For instance, many seniors (Moo Duk Kwan Dan Bon less than 2000) consider TSD as the base style and SBD sprouted from it.  The seniors would mention that Soo Bahk Do is utilizes Chil Sung and Yuk Ro Hyungs.  Some Tang Soo Do organizations do not utilize the Chil Sungs, and the ones that do utilize the Chil Sung Hyungs usually only go up to Chil Sung Sam Ro Hyung.  An example that utilizes a limited amount of Chil Sung Hyungs would be Grandmaster Kang Uk Lee's organization (UKTSDF) in the United Kingdom.  Also, keep in mind that some of these Grandmasters teach a limited amount of Chil Sung Hyungs because that was all they had learned prior to leaving the US Tang Soo Do Federation and/or Grandmaster Hwang Kee.

With regard to the flavors of TSD, one must keep in mind that the some of the Grandmasters that left the US Tang Soo Do Federation were sued  or threatened to be sued by that organization and as a result these Grandmasters were forced to modify the forms in one way or another.  Two great examples of this are the World Tang Soo Do Association and the International Tang Soo Do Federation.  If you watch their members do their forms, the techniques are similar but the forms are a bit different from the way it was originally taught at the Moo Duk Kwan.  In some cases the techniques themselves were changed as well.

I cannot speak to the litany of smaller organizations (most of which are in the US) that have splintered from the main organizations.  

It is true that as soon as Grandmaster Hwang Kee passed away, someone decided that the US Soo Bahk Do Federation would go after anyone that utilized the Moo Duk Kwan name/symbol in the United States.  I suspect that the reason they have not gone after Grandmaster Kang Uk Lee has more to do with International Law and copyrights versus his low dan bon.  Afterall, the US Soo Bahk Do Federation had no issue going after Grandmaster Jae Joon Kim (dan bon 38).  Then again Grandmaster Jae Joon Kim lived in the USA.

I hope this helps.


----------



## MBuzzy

Master K said:


> For instance, many seniors (Moo Duk Kwan Dan Bon less than 2000) consider TSD as the base style and SBD sprouted from it.

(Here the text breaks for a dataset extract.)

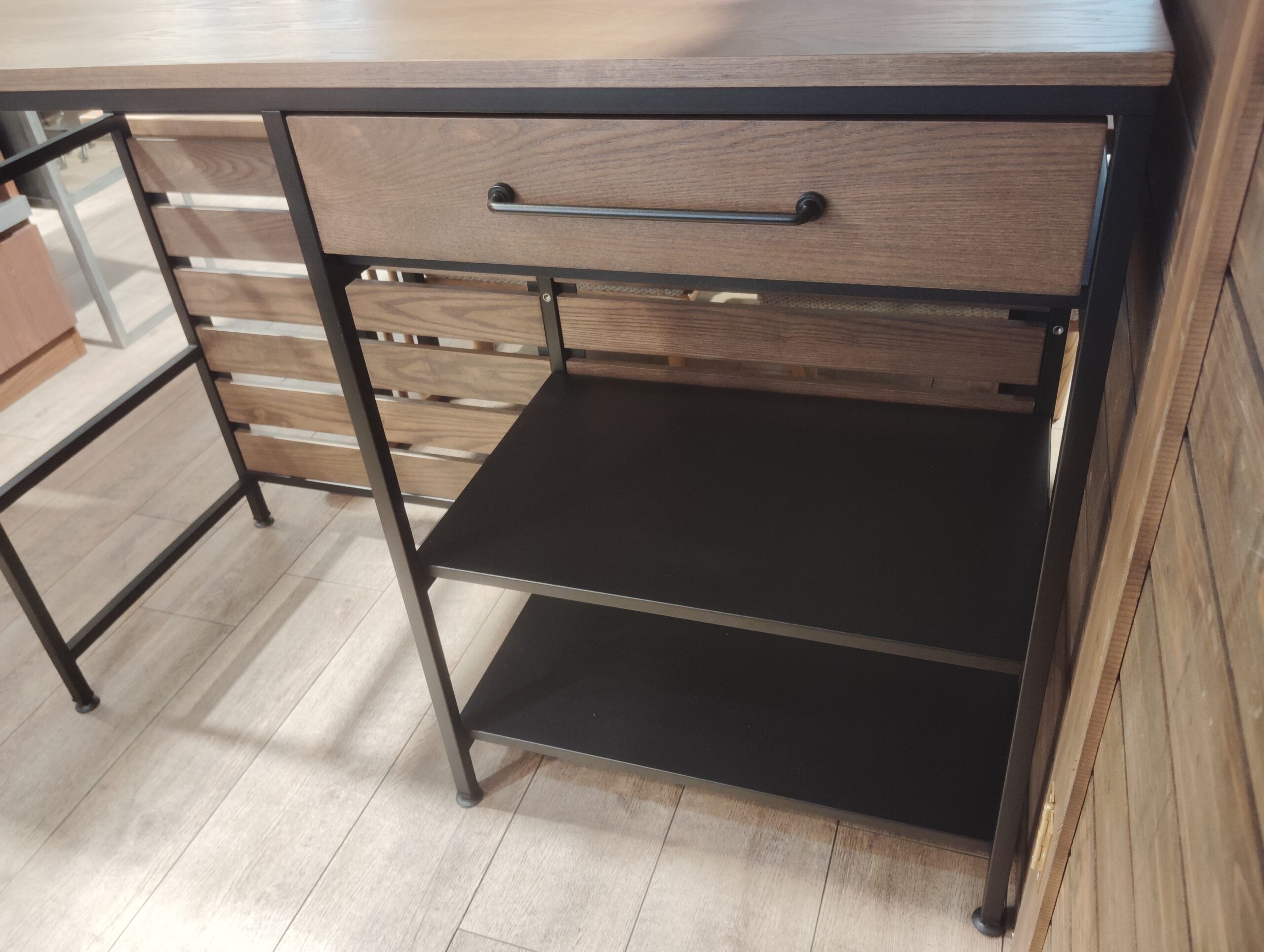 引き出し収納や家電設置に便利なスチール棚付き★

The seniors would mention that Soo Bahk Do is utilizes Chil Sung and Yuk Ro Hyungs. Some Tang Soo Do organizations do not utilize the Chil Sungs, and the ones that do utilize the Chil Sung Hyungs usually only go up to Chil Sung Sam Ro Hyung. An example that utilizes a limited amount of Chil Sung Hyungs would be Grandmaster Kang Uk Lee's organization (UKTSDF) in the United Kingdom. Also, keep in mind that some of these Grandmasters teach a limited amount of Chil Sung Hyungs because that was all they had learned prior to leaving the US Tang Soo Do Federation and/or Grandmaster Hwang Kee.


 
It is true that Soo Bahk Do utilizes the Chil Sung and Yuk Ro Hyung, but they ALSO use the entire Pyang ahn series, as well as the rest of the traditional Japanese hyung.  I have had the opportunity to train in four different organizations in both Korea and the US and honestly, the use of the Chil Sung and Yuk Ro forms is the only _major_ difference that I have seen.  Granted, there are many minor differences to how the hyung are performed (e.g. in Korea, we did Pyang Ahn Oh Dan with a Soo Do, then choong dan kong kyuk, in the US SBDF, there is no soo do and the knee is lifted prior to the punch), but generally very minor.  Some other differences would be how much the use of hip is exagerated, placement of the hands in Hugul jaseh soo do techniques, some of the intermediary movements (e.g. palm up vs palm down), etc.  But none of these change the basic philosophy or application of the art.  For these reasons, I really see TSD and SBD as still being a single art, with multiple interpretations.

My Korean instructor only knew 3 of the Chil Sung hyung and 1 Yuk Ro....but he also knew all 10 Ship Dan Kuhm, which none of the Americans know.  Does this change the style?  No, simply changes some of the hyung that are performed.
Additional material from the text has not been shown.